Свечка перед Мареком потухла, но Марек так и сидел в темноте, положив руки перед собой. Беата, ловко двигая ладным телом, поменяла свечную плошку. Белой рукой она задела белую пешку, и та покатилась по столу. Марек не обратил внимания.
– Вы бываете на развале? Ну, там, где коллекционеры собираются?
– Молодой человек, я не интересуюсь антиквариатом. Я сам – антиквариат.
– И все же. Там есть один такой, в черном пальто. Я думаю, он и летом в нем ходит. С портфелем.
– А в портфеле – предметы иудейского культа? Этого знаю, – сказал Вейнбаум.
– Он кто?
– Никто. Голос. Вестник.
– Сколько ему лет?
– Сколько лет может быть вестнику? Сто, тысяча… нисколько. Вестник появляется, когда нужно передать весть. Вестник и есть – весть.
– Каббалистика какая-то.
– Разумеется, каббалистика, – согласился Вейнбаум, – а вы как думали?
– Он говорил о бойне во дворе Сакрекерок.
– Да, – согласился Вейнбаум, – бойня. В гетто их было двести тысяч. Почему они не сопротивлялись? Почему позволили сотворить с собой такое? Как вы думаете? Ведь двести тысяч – это очень много.
– Женщины, дети. Старики.
– Хорошо, делим на десять. Остается двадцать тысяч. Двадцать тысяч взрослых сильных мужчин – это тоже много.

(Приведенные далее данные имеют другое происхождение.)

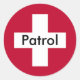 Red sticker with white cross. "Patrol" is in white cross.
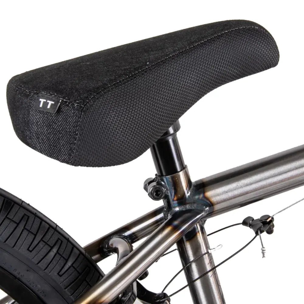 Техника оснащена грипсами 150мм, TRP, имеет вынос Top-load, Al. 6061-T6. Тканевой седло удобное и практичное, повторяет анатомические части тела ездока, минимизирует нагрузку на позвоночник.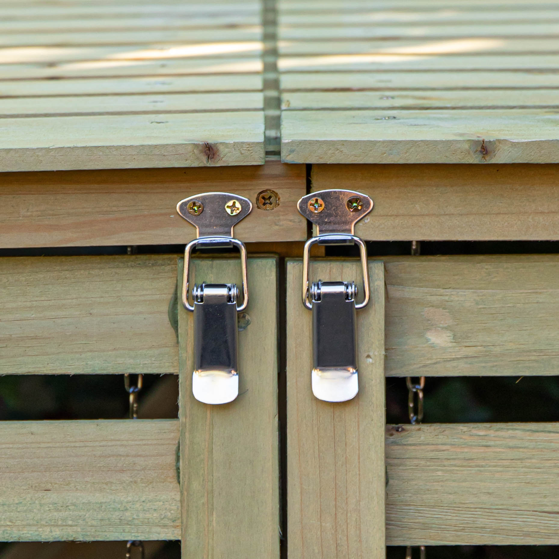 Absolutely pleased with our bin stores, they fitted together easily, Chains to open lids are great. They look really smart and for the money I'd highly recommend them.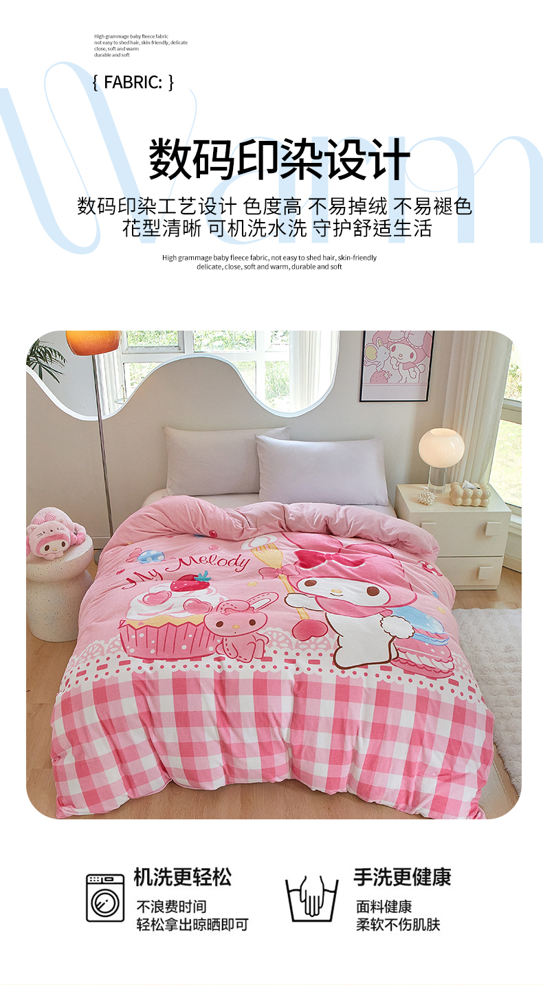 商品名称:蘭菲家纺 2024新款牛奶绒卡通三丽鸥单品被套 生日快乐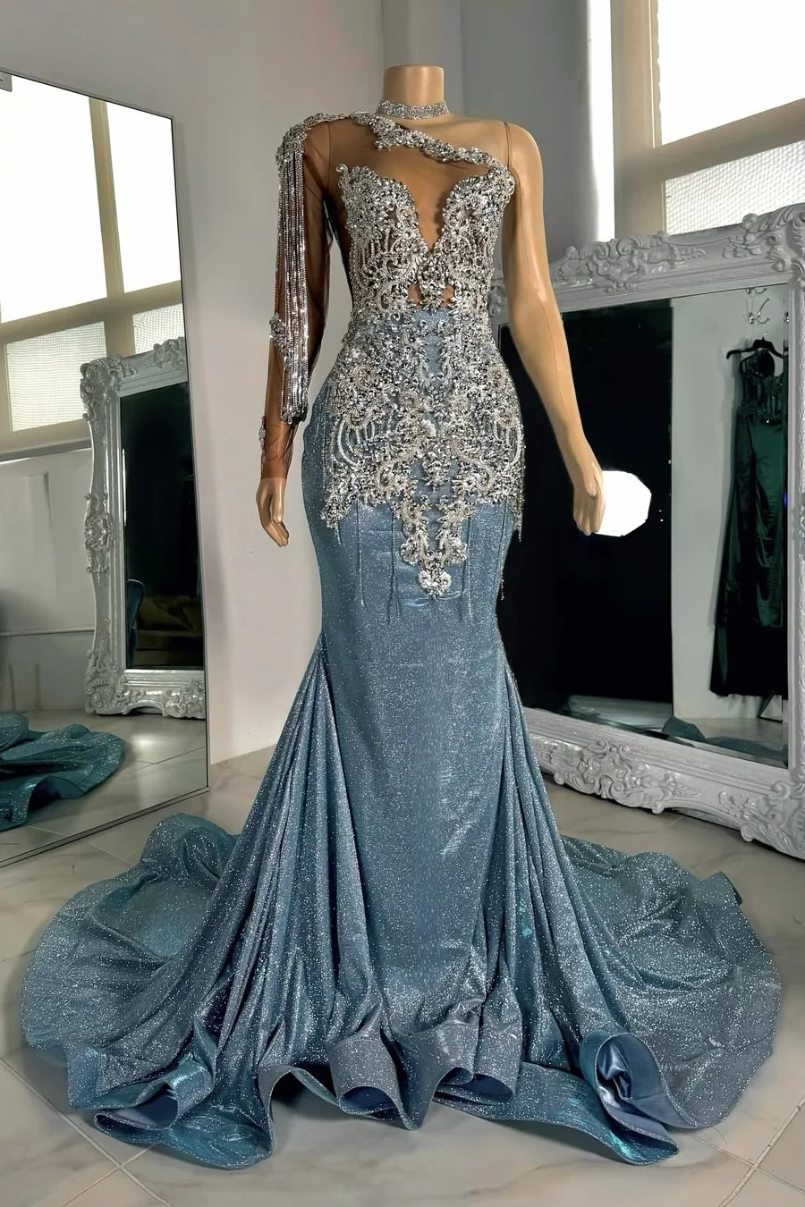 Elevate your look with this luxurious Long sleeves Silver Dusty Blue Shiny Court Train Beaded Prom Dresss. The shimmering silver and dusty blue hues are accentuated by delicate beading and a flowing court train. The long sleeves add a touch of elegance, making this the perfect dress for any formal occasion.

– Они боялись за своих близких.
– Просто у них все отнимали по капельке. Ты слышал, они запрещают нашим женщинам пользоваться косметикой? Зачем моей Розочке косметика? Ты же видел, какой у нее цвет лица! Потом запрещают ходить по тротуарам, потом нацепляют желтую звезду… Потом сгоняют в гетто. Ну ничего, поживем в гетто, у нас в юденрате сам рэб Шломо, он, правда, очень сдал за последнее время, да и я что-то неважно себя чувствую… Вот тут болит. И вот тут. Если бы я покушал курочку, все бы прошло, но где теперь достанешь курочку? А Розочка беременна опять, вы знаете? Ну и потом… может, еще пронесет. Это же безумие, как оно может длиться долго? Господь все видит, он не даст в обиду. Мы же хорошие евреи.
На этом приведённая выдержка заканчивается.